» TO DO: Without including any images, please transcribe all the lines below exactly.

» DATASET EXTRACT:
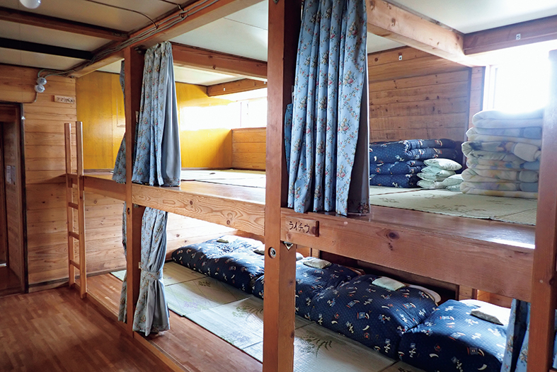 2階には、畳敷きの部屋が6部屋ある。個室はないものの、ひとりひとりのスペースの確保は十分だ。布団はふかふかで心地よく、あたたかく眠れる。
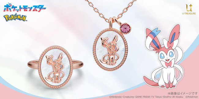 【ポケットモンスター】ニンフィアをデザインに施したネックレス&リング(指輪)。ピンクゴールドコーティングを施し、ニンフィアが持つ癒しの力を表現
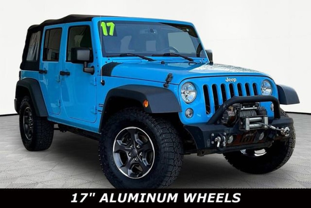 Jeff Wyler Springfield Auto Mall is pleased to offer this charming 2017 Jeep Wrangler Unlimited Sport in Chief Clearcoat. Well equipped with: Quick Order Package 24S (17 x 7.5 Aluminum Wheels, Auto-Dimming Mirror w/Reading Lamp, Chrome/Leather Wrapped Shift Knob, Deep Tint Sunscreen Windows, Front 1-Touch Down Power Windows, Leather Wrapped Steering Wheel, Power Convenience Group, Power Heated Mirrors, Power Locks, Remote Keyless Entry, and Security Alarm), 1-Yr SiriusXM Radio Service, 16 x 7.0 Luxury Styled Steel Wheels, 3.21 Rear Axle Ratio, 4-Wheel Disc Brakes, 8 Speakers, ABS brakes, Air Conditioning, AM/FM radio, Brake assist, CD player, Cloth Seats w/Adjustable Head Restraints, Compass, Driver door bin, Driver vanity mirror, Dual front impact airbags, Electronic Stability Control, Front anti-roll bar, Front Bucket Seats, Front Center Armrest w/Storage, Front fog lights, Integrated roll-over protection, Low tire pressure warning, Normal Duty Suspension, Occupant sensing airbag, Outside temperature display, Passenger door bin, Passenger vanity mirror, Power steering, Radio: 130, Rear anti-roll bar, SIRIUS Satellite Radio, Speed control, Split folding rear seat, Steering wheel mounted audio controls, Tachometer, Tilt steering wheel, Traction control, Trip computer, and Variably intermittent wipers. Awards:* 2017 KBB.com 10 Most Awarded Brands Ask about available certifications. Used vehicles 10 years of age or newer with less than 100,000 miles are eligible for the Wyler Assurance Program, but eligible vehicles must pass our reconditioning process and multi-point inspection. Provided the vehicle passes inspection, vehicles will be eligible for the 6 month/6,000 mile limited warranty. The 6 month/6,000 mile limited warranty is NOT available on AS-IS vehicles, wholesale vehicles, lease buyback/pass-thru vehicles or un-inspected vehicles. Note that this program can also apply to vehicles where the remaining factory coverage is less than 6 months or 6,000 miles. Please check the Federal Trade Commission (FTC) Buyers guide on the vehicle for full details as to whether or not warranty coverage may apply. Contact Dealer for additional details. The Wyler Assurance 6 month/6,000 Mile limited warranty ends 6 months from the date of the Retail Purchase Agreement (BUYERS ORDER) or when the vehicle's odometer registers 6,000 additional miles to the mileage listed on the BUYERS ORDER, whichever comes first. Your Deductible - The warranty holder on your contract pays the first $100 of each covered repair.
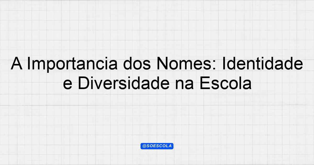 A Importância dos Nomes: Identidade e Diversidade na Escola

» ANSWER FOR THIS EXERCISE:
 2階には、畳敷きの部屋が6部屋ある。個室はないものの、ひとりひとりのスペースの確保は十分だ。布団はふかふかで心地よく、あたたかく眠れる。
 【ポケットモンスター】ニンフィアをデザインに施したネックレス&リング(指輪)。ピンクゴールドコーティングを施し、ニンフィアが持つ癒しの力を表現
 Jeff Wyler Springfield Auto Mall is pleased to offer this charming 2017 Jeep Wrangler Unlimited Sport in Chief Clearcoat. Well equipped with: Quick Order Package 24S (17 x 7.5 Aluminum Wheels, Auto-Dimming Mirror w/Reading Lamp, Chrome/Leather Wrapped Shift Knob, Deep Tint Sunscreen Windows, Front 1-Touch Down Power Windows, Leather Wrapped Steering Wheel, Power Convenience Group, Power Heated Mirrors, Power Locks, Remote Keyless Entry, and Security Alarm), 1-Yr SiriusXM Radio Service, 16 x 7.0 Luxury Styled Steel Wheels, 3.21 Rear Axle Ratio, 4-Wheel Disc Brakes, 8 Speakers, ABS brakes, Air Conditioning, AM/FM radio, Brake assist, CD player, Cloth Seats w/Adjustable Head Restraints, Compass, Driver door bin, Driver vanity mirror, Dual front impact airbags, Electronic Stability Control, Front anti-roll bar, Front Bucket Seats, Front Center Armrest w/Storage, Front fog lights, Integrated roll-over protection, Low tire pressure warning, Normal Duty Suspension, Occupant sensing airbag, Outside temperature display, Passenger door bin, Passenger vanity mirror, Power steering, Radio: 130, Rear anti-roll bar, SIRIUS Satellite Radio, Speed control, Split folding rear seat, Steering wheel mounted audio controls, Tachometer, Tilt steering wheel, Traction control, Trip computer, and Variably intermittent wipers. Awards:* 2017 KBB.com 10 Most Awarded Brands Ask about available certifications. Used vehicles 10 years of age or newer with less than 100,000 miles are eligible for the Wyler Assurance Program, but eligible vehicles must pass our reconditioning process and multi-point inspection. Provided the vehicle passes inspection, vehicles will be eligible for the 6 month/6,000 mile limited warranty. The 6 month/6,000 mile limited warranty is NOT available on AS-IS vehicles, wholesale vehicles, lease buyback/pass-thru vehicles or un-inspected vehicles. Note that this program can also apply to vehicles where the remaining factory coverage is less than 6 months or 6,000 miles. Please check the Federal Trade Commission (FTC) Buyers guide on the vehicle for full details as to whether or not warranty coverage may apply. Contact Dealer for additional details. The Wyler Assurance 6 month/6,000 Mile limited warranty ends 6 months from the date of the Retail Purchase Agreement (BUYERS ORDER) or when the vehicle's odometer registers 6,000 additional miles to the mileage listed on the BUYERS ORDER, whichever comes first. Your Deductible - The warranty holder on your contract pays the first $100 of each covered repair.
 A Importância dos Nomes: Identidade e Diversidade na Escola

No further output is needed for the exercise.